# SOURCE INFORMATION:
■ ■ ■ ■

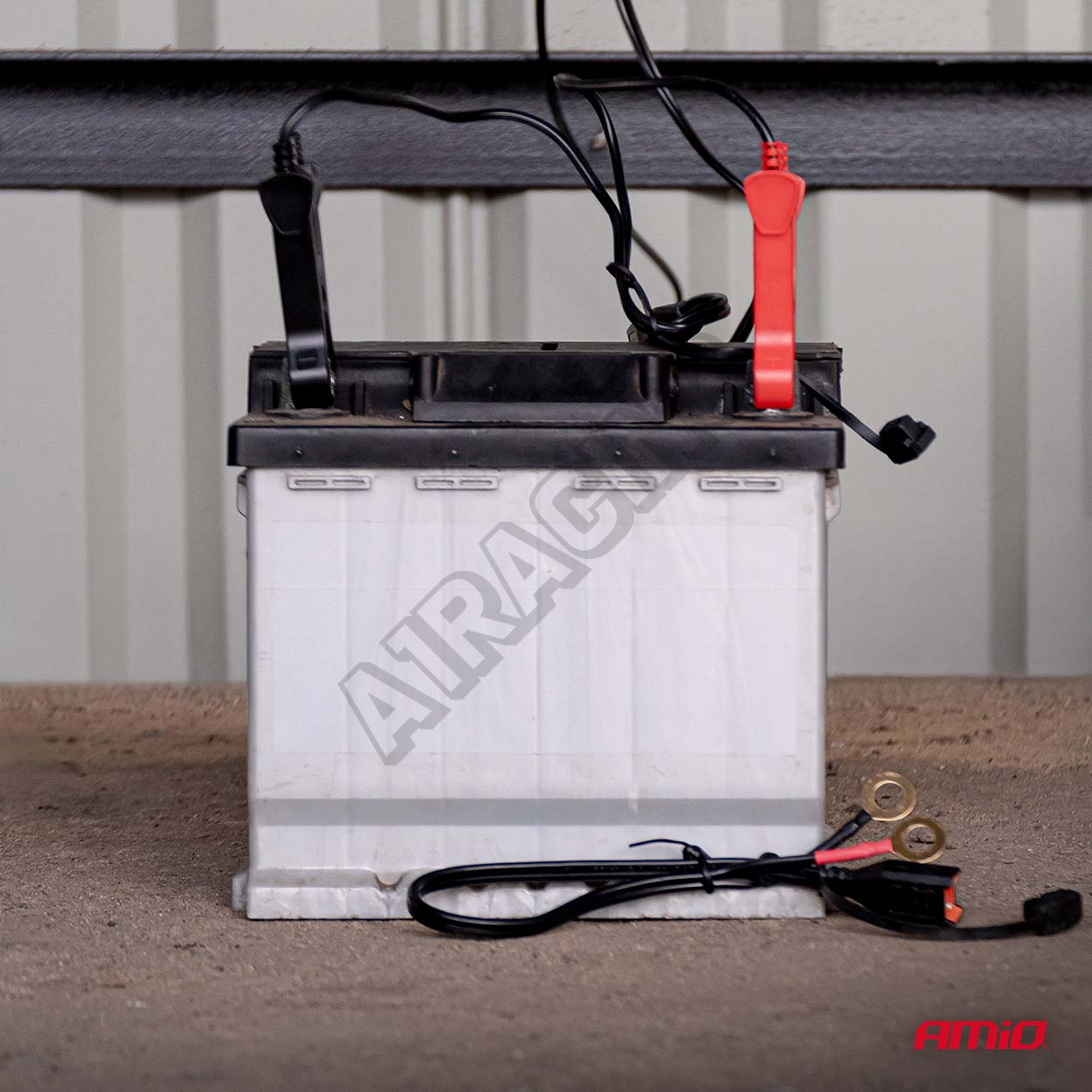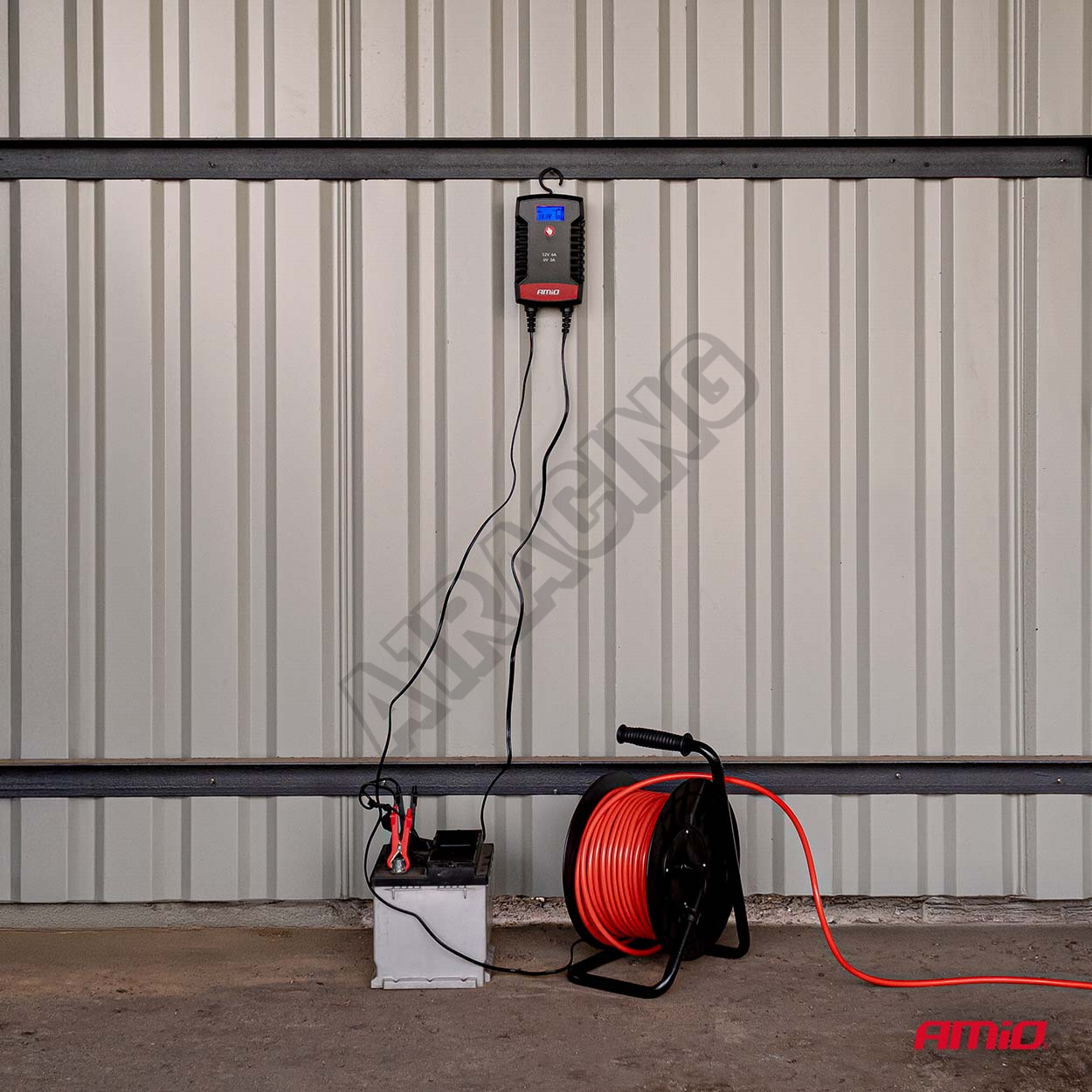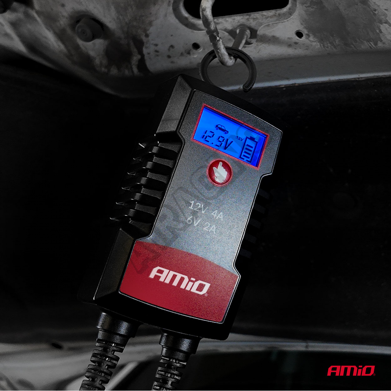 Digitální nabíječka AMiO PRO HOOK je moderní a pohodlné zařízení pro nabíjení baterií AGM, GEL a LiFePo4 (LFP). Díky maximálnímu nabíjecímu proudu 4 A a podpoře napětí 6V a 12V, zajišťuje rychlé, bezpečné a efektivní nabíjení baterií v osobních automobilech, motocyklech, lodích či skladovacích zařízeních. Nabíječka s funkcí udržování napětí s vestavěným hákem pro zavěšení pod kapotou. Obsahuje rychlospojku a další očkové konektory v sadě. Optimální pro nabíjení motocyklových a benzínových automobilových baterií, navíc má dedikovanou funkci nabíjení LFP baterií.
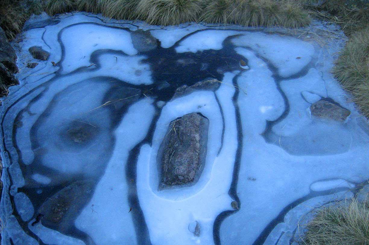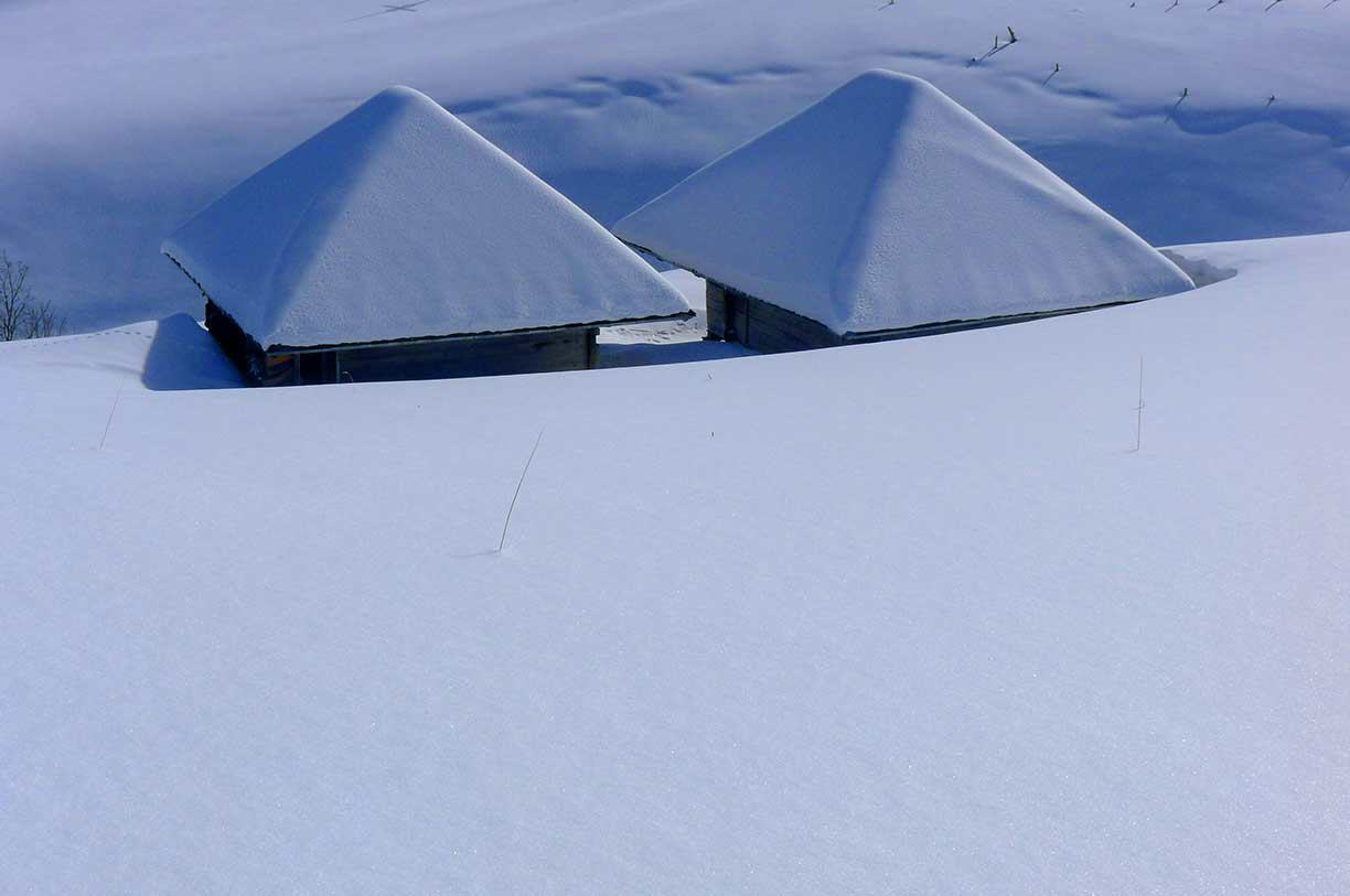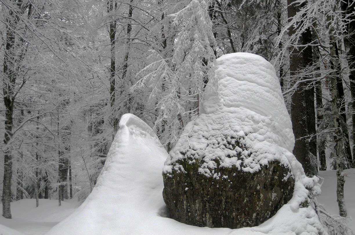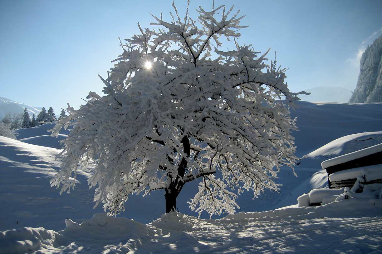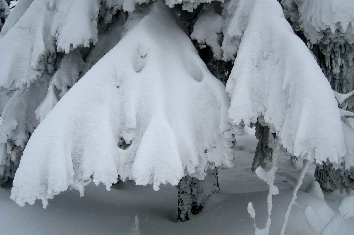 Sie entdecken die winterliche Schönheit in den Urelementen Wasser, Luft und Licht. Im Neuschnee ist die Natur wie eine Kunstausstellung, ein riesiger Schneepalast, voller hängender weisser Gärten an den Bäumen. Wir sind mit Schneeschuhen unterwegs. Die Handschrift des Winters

■ ■ ■ ■

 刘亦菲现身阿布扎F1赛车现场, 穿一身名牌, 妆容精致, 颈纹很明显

■ ■ ■ ■

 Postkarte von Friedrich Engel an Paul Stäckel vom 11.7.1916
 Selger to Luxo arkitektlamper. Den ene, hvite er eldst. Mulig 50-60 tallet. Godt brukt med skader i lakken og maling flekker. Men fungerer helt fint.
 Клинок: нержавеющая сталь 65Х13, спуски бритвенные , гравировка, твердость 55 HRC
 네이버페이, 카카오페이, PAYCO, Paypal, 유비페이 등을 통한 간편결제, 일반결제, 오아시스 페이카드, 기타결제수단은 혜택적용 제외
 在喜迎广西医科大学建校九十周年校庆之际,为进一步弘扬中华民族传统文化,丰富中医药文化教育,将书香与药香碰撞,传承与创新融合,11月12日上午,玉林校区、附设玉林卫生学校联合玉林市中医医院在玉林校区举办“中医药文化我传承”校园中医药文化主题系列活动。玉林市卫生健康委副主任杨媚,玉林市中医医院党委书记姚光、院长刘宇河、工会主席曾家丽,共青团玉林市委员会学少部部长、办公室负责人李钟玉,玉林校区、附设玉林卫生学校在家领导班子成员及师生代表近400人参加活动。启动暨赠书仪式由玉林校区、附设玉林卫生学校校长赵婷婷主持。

■ ■ ■ ■

# HOW TO COMPLETE THIS TASK:
Out of the material above, output word for word the line with "Selger to Luxo", the line with "在喜迎广西医科大学建校九十周", and all lines between them, with nothing else.

# SOLUTION FOR THIS EXERCISE:
 Selger to Luxo arkitektlamper. Den ene, hvite er eldst. Mulig 50-60 tallet. Godt brukt med skader i lakken og maling flekker. Men fungerer helt fint.
 Клинок: нержавеющая сталь 65Х13, спуски бритвенные , гравировка, твердость 55 HRC
 네이버페이, 카카오페이, PAYCO, Paypal, 유비페이 등을 통한 간편결제, 일반결제, 오아시스 페이카드, 기타결제수단은 혜택적용 제외
 在喜迎广西医科大学建校九十周年校庆之际,为进一步弘扬中华民族传统文化,丰富中医药文化教育,将书香与药香碰撞,传承与创新融合,11月12日上午,玉林校区、附设玉林卫生学校联合玉林市中医医院在玉林校区举办“中医药文化我传承”校园中医药文化主题系列活动。玉林市卫生健康委副主任杨媚,玉林市中医医院党委书记姚光、院长刘宇河、工会主席曾家丽,共青团玉林市委员会学少部部长、办公室负责人李钟玉,玉林校区、附设玉林卫生学校在家领导班子成员及师生代表近400人参加活动。启动暨赠书仪式由玉林校区、附设玉林卫生学校校长赵婷婷主持。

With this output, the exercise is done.